EXERCISE AIM -
The material below holds pictures, which are to be left out; copy exactly the lines from the one with "礼文岛位于利尻岛的西北，距离" through the one with "Ситуационный план и планировка территории".

DATA SUPPLIED -
○ ○ ○

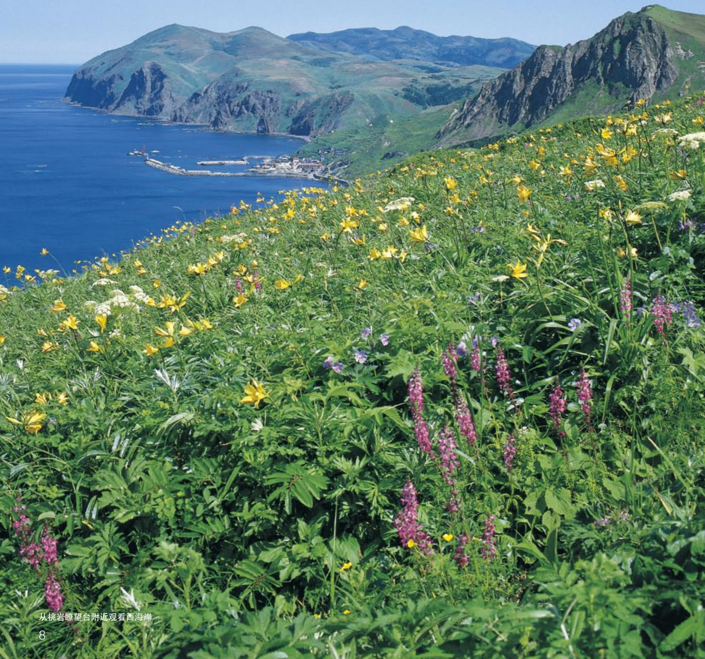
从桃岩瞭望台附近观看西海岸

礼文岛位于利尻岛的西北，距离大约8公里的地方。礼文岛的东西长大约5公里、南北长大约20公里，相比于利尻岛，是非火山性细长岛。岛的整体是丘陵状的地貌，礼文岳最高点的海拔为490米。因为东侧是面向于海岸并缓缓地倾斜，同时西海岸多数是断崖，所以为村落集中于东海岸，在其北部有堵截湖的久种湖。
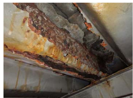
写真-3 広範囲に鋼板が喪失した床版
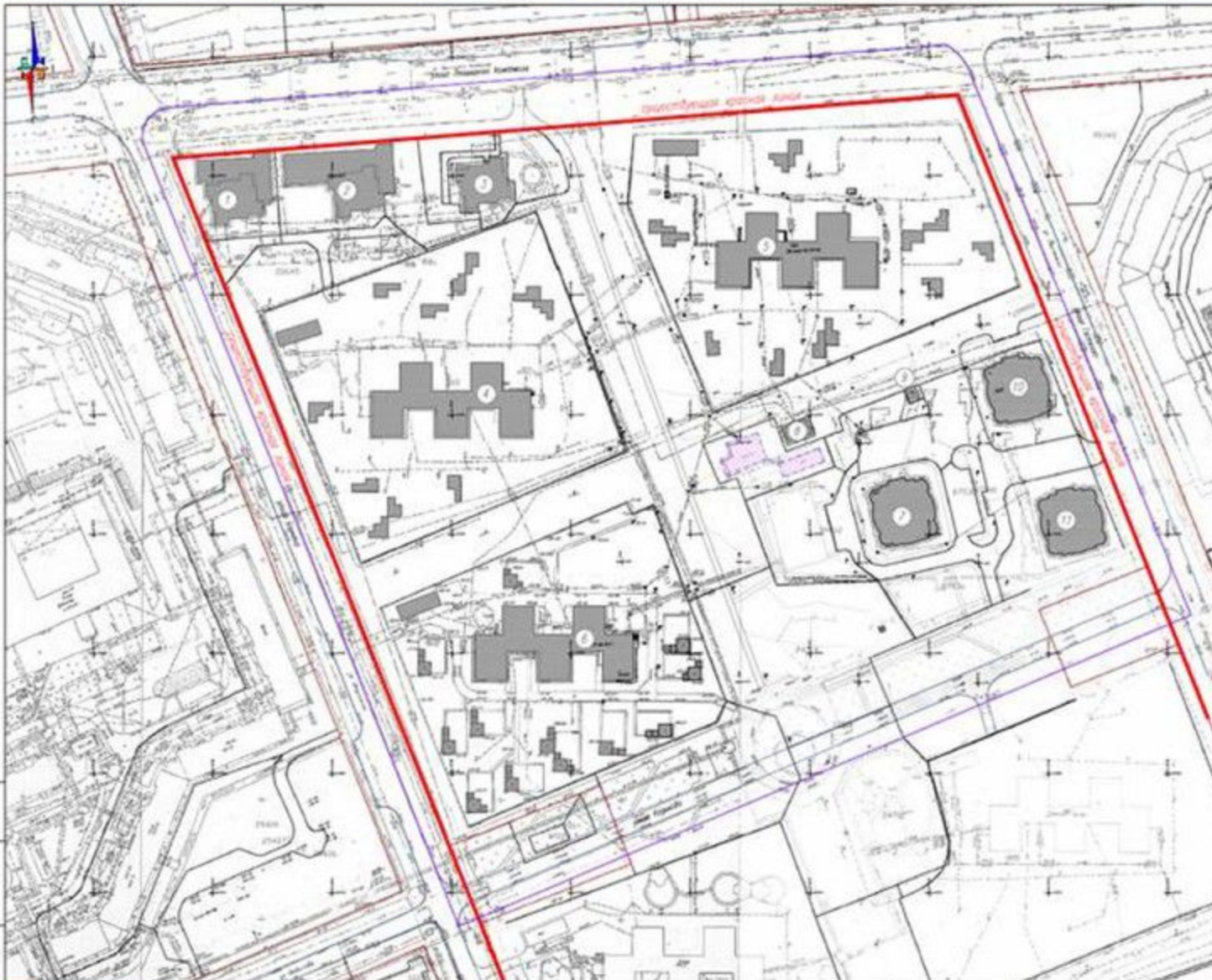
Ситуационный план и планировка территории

○ ○ ○

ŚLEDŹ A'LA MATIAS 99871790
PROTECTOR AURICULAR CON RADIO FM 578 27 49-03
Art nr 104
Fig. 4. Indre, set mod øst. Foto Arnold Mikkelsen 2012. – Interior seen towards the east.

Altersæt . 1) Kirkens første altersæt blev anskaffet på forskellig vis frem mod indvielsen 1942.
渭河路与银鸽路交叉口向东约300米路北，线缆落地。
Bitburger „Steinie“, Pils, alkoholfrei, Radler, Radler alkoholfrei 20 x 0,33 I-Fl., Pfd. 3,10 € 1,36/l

○ ○ ○

RESPONSE BELOW -
礼文岛位于利尻岛的西北，距离大约8公里的地方。礼文岛的东西长大约5公里、南北长大约20公里，相比于利尻岛，是非火山性细长岛。岛的整体是丘陵状的地貌，礼文岳最高点的海拔为490米。因为东侧是面向于海岸并缓缓地倾斜，同时西海岸多数是断崖，所以为村落集中于东海岸，在其北部有堵截湖的久种湖。
写真-3 広範囲に鋼板が喪失した床版
Ситуационный план и планировка территории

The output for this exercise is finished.